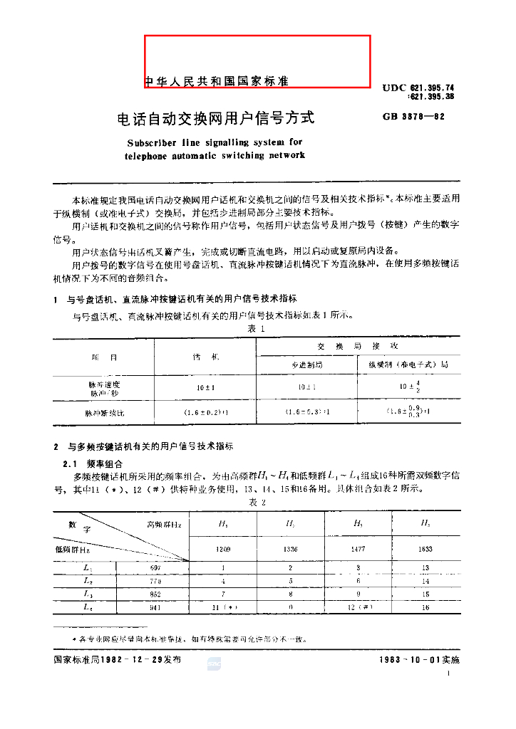 GB/T 3378-1982 电话自动交换网用户信号方式
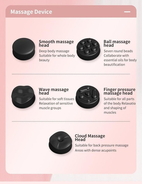 - Масажна насадка з пальцевого тиску: Підходить для всіх частин тіла, розслабляє й допомагає у формуванні м'язів.
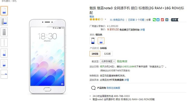 (中关村在线手机频道行情报道)2016年9月26日,魅族魅蓝note3(行货)在亚马逊商城热卖,该机目前最新售价为899元起。本机配件为:电池(内置)、充电器、数据线、说明书、保修卡等。魅族魅蓝note3是一款入门级别的全网通智能手机。
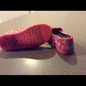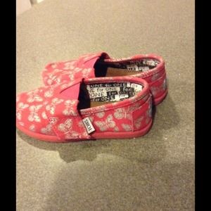 Cute red with silver butterfly's Toms shoes. My little girl wore these maybe twice. They are too small for her now and need a new home! From a smoke/pet free home!
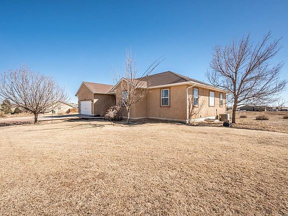 Beautiful Northside Pueblo Rancher with a Walkout! This gorgeous home is situated on a 1 acre corner lot with close access to the restaurants and other amenities of Pueblo West. As well as a 7 minute drive to get to Interstate 25. As you approach the home you will be greeted by the large front lawn with mature trees and shrubs. Large open floor plan with the living room, kitchen and dining room. Main level has breathtaking hardwood floors throughout. Kitchen has a large island, pantry and stainless steel appliances with direct access to the back deck. Dining room has beautiful large windows allowing a full view of the property and plenty of sunlight. The 3 main level bedrooms are located to your immediate left. The primary bedroom is very spacious with carpet floors and a large attached bathroom. The primary bathroom has tile floors, dual vanity, a large soaking tub, walk in shower and large walk in closet. The other two bedrooms are both carpet with their own large closets. They share a full bath with tile floors, single vanity and shower/tub. The laundry is located to the right. It connects directly to the large two car garage and can act as a mudroom with its tile floors. As you head downstairs you will find another finished bedroom. The rest of the walkout basement is unfinished and ready for you to put your own personal touch on it. With the walkout patio it will be a great place to entertain your guests. Don't miss out on your opportunity to own this amazing property.
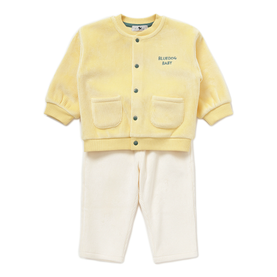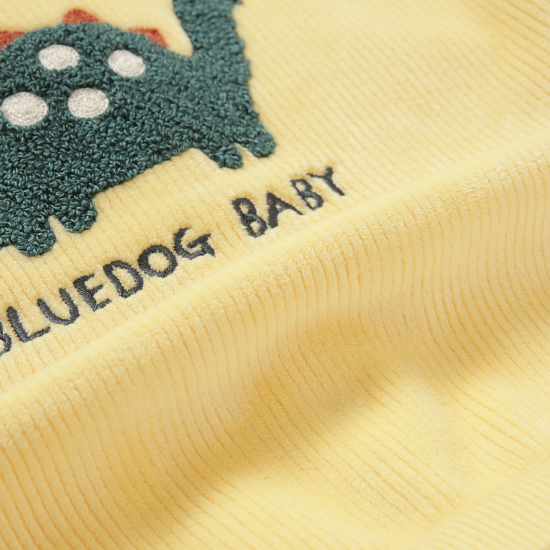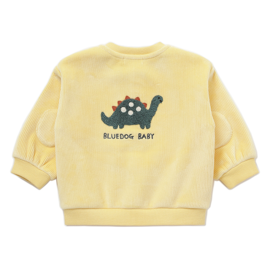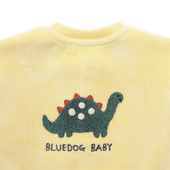 부드럽고 따뜻한 벨로아 소재로 제작된 상하세트 입니다. 뒷면에 귀여운 공룡 자수의 포인
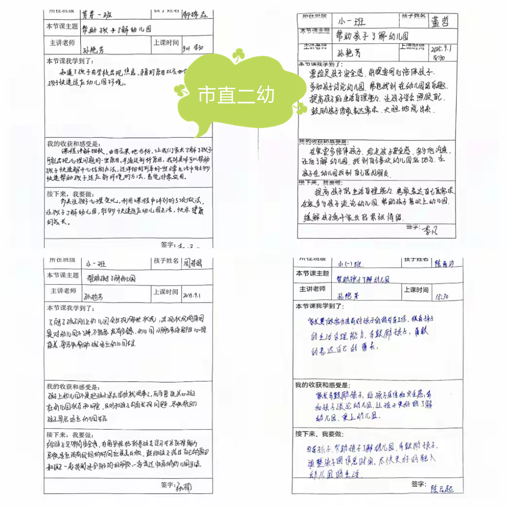 小班是幼儿从家庭步入集体生活的转折点,孩子们难免对陌生的幼儿园感到不安与焦虑,哭闹、抗拒入园的情况时有发生。为帮助孩子们顺利适应集体生活,缓解内心的焦虑情绪,本月家长学校课程围绕《帮助孩子了解幼儿园》这一主题进行了讲解。家长们认真听课学习。
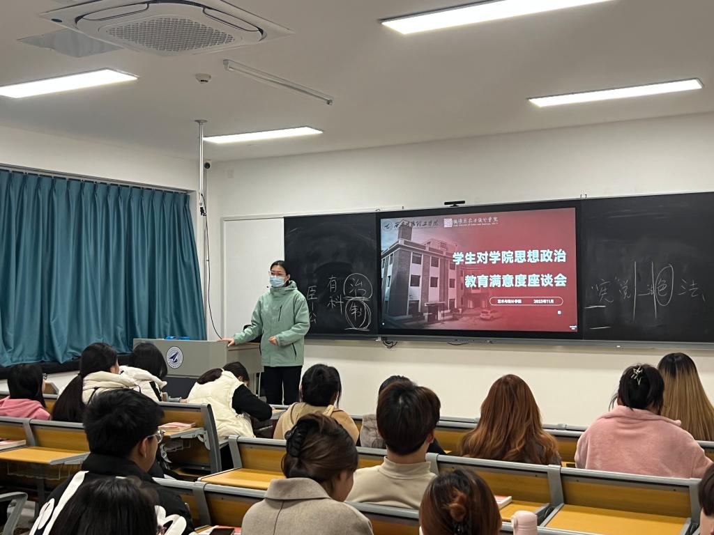 为了提升思想政治教育质量,了解学院同学们的学习需求,加强学生和学院之间的交流,促进学生更好的成长,落实学校立德树人的根本任务,迎接学校本科合格评估工作,艺术与设计学院于11月27日下午在汉源楼A401教室召开思想政治教育工作学生座谈会,学院辅导员朱迪、韩璐、张哲铭,以及2021级本科、2022级本科、2023级专升本各位学生代表参加了此次座谈会。
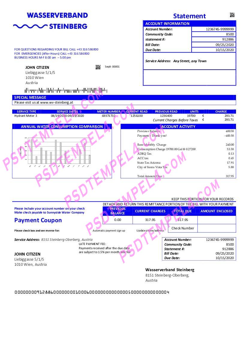 For the most up-to-date formats, you can download Austria utility bill 2025 versions. These updated templates reflect the latest design and format used by Austria Wasserverband Steinberg water for the current year. Whether you need a new bill for proof of address or are managing administrative tasks, this updated version ensures you have the most accurate and current billing information.
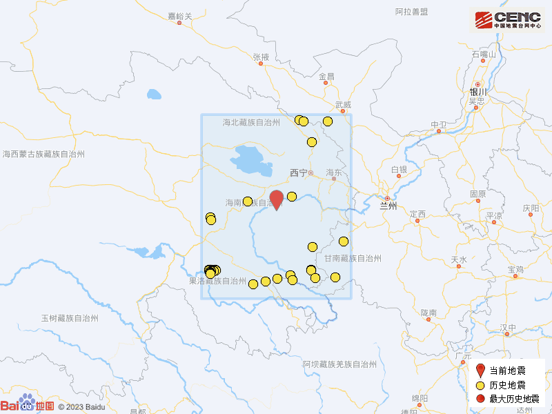 历史地震: 根据中国地震台网速报目录,震中周边200公里内近5年来发生3级以上地震共34次,最大地震是2022年1月12日在青海海北州门源县发生的5.2级地震(距离本次震中208公里),历史地震分布如图。
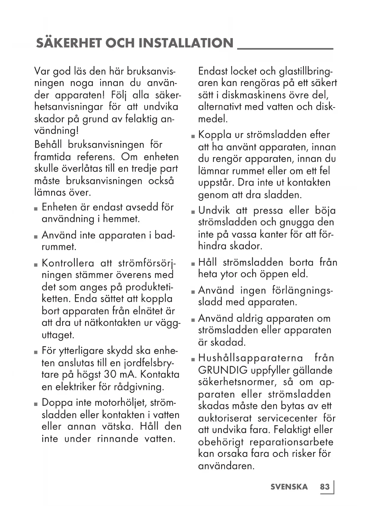 Hushållsapparaterna från GRUNDIG uppfyller gällande säkerhetsnormer, så om ap- paraten eller strömsladden skadas måste den bytas av ett auktoriserat servicecenter för att undvika fara. Felaktigt eller obehörigt reparationsarbete kan orsaka fara och risker för användaren.84 SVENSKA
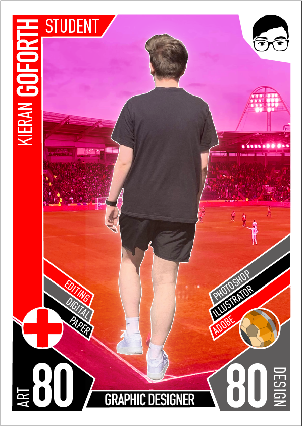 For this second poster I took a completely different approach and created a slightly more complex poster, this poster was made using a mixture of both photoshop and illustrator. This poster I created to look like a football card, or better known as “match attax” which is something I used to collect when I was younger. I designed it using the colours of the football team I support (Manchester United) and replaced many things within the card to promote me as an artist and graphic designer rather than a footballer. I started by replacing the stats with the things I use as a designer and artist and also added a few of my traits and also tried to keep it relevant to a “match attax” card by keeping a rating of both my artistic skills and my design skills (80/ 100). I designed the card so that it was compositionally symmetrical keeping it exactly the same on both sides of the card towards the bottom so that nothing looks as though it was placed randomly, and also helps separate the card into sections. I used a san serif bold font as typically that is the type of font used within something sport related and also looks sharp which is an aspect you would expect in a sportsman or sport as a whole. In the centre of the piece I added a photo of myself to further highlight that I am the person the poster is about with my name on the left and “student” to further highlight the stage I am currently in my life. The choice to create it in the format of a football card was again to promote in the future something I aim to be doing is to be using my design skills within the sporting industry. The background image is the same image used in the first poster, however I changed the hue of the image in photoshop to red to keep it relevant to my chosen colour scheme.
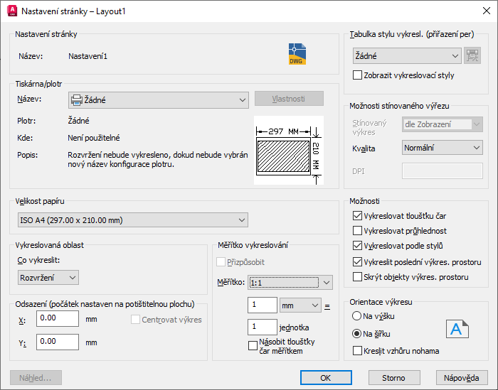 Zadaná nastavení stránky budou uložena s rozvržením a mohou být použita na ostatní rozvržení nebo importována do jiných výkresů.
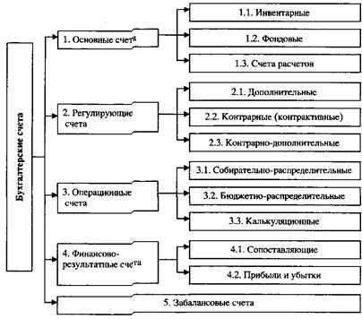 Рис. 1. Классификация бухгалтерских счетов по назначению и структуре показателей
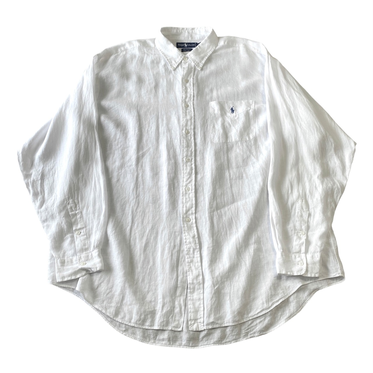 90s Ralph Lauren 「BIG SHIRT」linen BD shirt XL
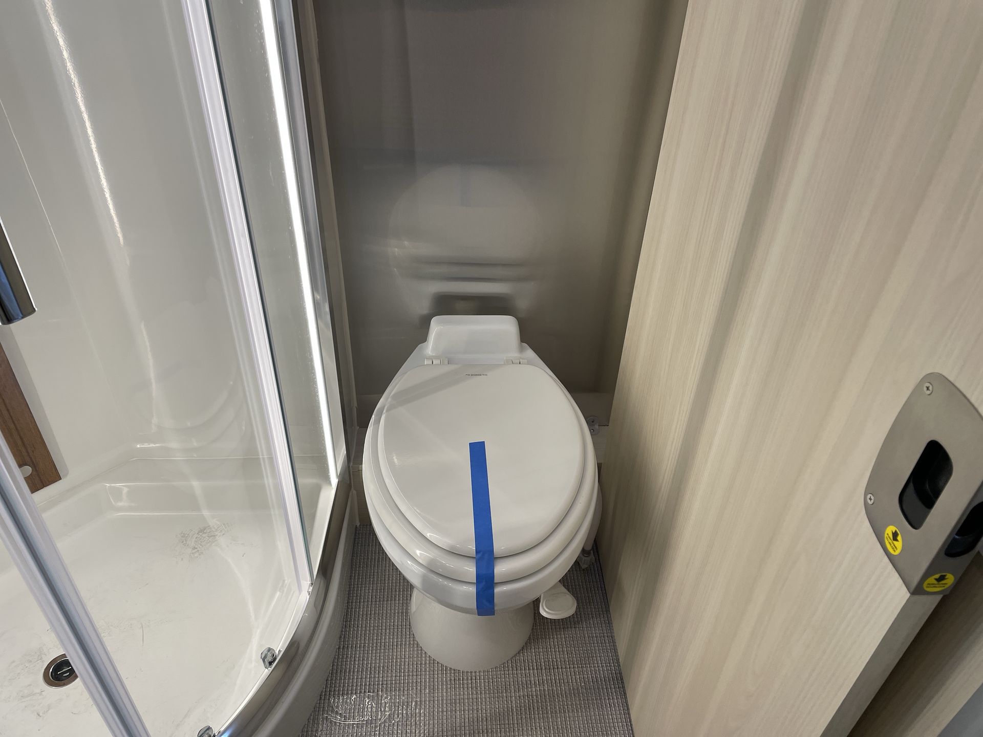 The full bathroom spans the entire rear of the RV, offering a spa-like retreat with a spacious shower featuring a teak inlay, a porcelain toilet, and a large vanity with a mirrored cabinet. A cedar-lined closet inside the bathroom provides ample storage, and a single door closes off the space for privacy.
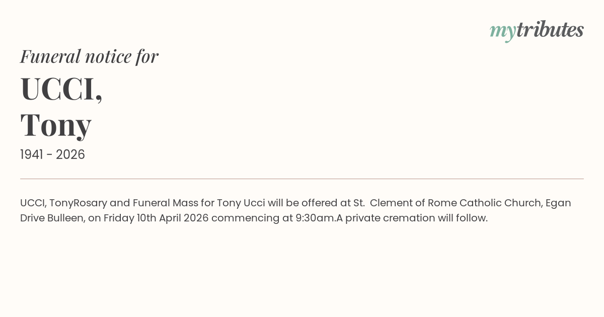 Rosary and Funeral Mass for Tony Ucci will be offered at St. Clement of Rome Catholic Church, Egan Drive Bulleen, on Friday 10th April 2026 commencing at 9:30am.
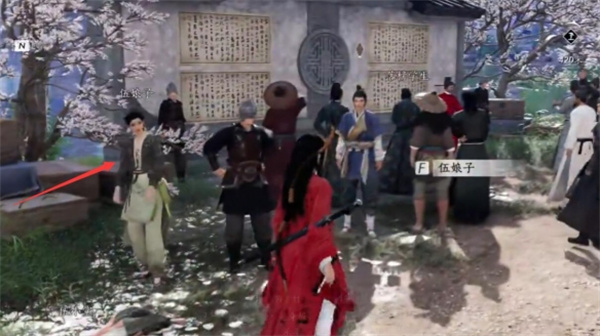 1、来到【御林苑】往左边走靠近放榜台对话【伍娘子】;
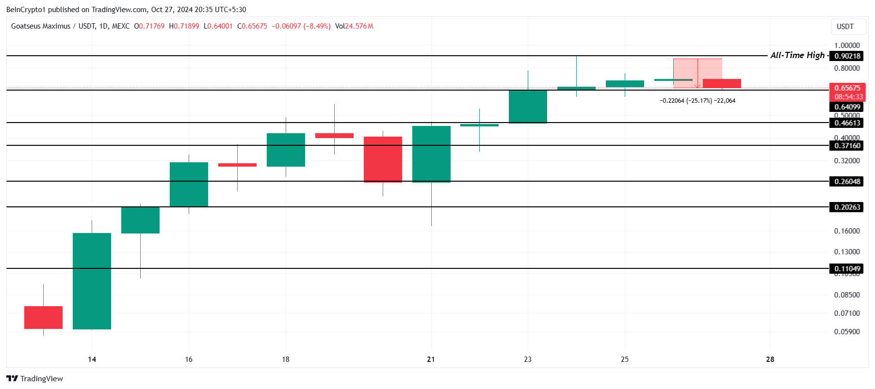 GOAT:in hinta 24% syöksyi eilisen päivän sisäisen huipun jälkeen, jääden vajaaksi pyrkimyksessään vakiinnuttaa uusi kaikkien aikojen korkein taso (ATH). Lasku herättää huolia siitä, voiko meemikolikon nouseva suuntaus jatkua vai seuraako sitä jatkuva arvon aleneminen.
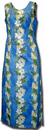 Hibiscus Panel Long Tank Dress Blue (XS)
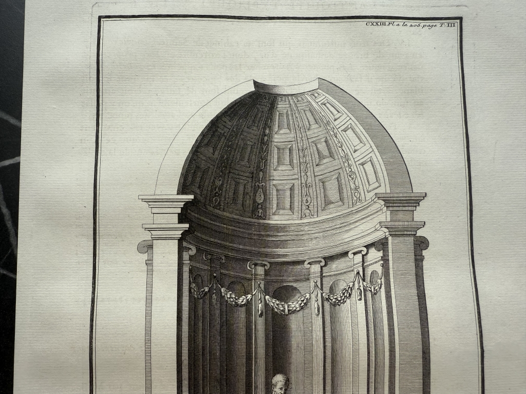 Grabado de placa de cobre de Bernard de Montfaucon (1655-1741), extraído de su gran obra titulada “"L'Antiquité Expliquée et Représentée. Tomo III. Segunda parte. Editada en Paris, por Delaulne & Foucault, en 1719. Primera edición.
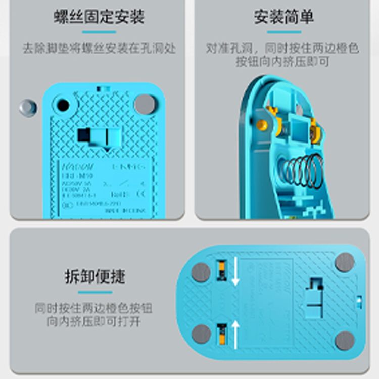 拆卸時(shí)無(wú)需費(fèi)力撬動(dòng),只需輕輕按壓底座與上蓋的銜接卡扣,即可快速分離;
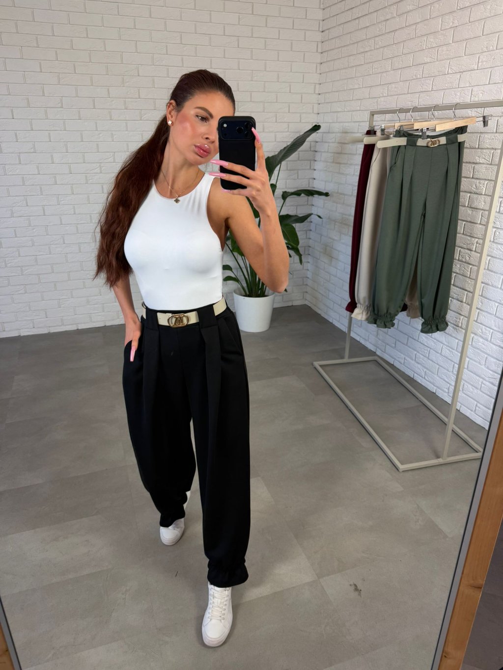 Kalhoty jsou navrženy tak, aby poskytly maximální pohodlí a zároveň vytvořily krásně vyváženou siluetu. Vyrobeny jsou z oblíbeného poloteplákového materiálu, který je měkký, příjemný na dotek a ideální pro každodenní nošení. Elastický pas se dokonale přizpůsobí postavě bez nepříjemného tlačení a zajistí komfort po celý den. Volnější ležérní střih elegantně splývá na postavě a pomáhá zakrýt oblast pasu, boků i zadečku. Spodní část kalhot je zakončena gumičkovým patentem s jemně nařaseným volánkem, který dodává kalhotám moderní a stylový vzhled. Kalhoty jsou ideální pro běžné nošení, do práce i pro volný čas. Výškově jsou vhodné pro postavy do 175 cm a velikostně sednou od S po XL.

....

**WORK TASK**
Beginning at the line that has "For the most" and ending at the line that has "历史地震: 根据中国地震台网", restate the listing above word for word, pictures left out.

**RESPONSE TO THE TASK**
 For the most up-to-date formats, you can download Austria utility bill 2025 versions. These updated templates reflect the latest design and format used by Austria Wasserverband Steinberg water for the current year. Whether you need a new bill for proof of address or are managing administrative tasks, this updated version ensures you have the most accurate and current billing information.
 历史地震: 根据中国地震台网速报目录,震中周边200公里内近5年来发生3级以上地震共34次,最大地震是2022年1月12日在青海海北州门源县发生的5.2级地震(距离本次震中208公里),历史地震分布如图。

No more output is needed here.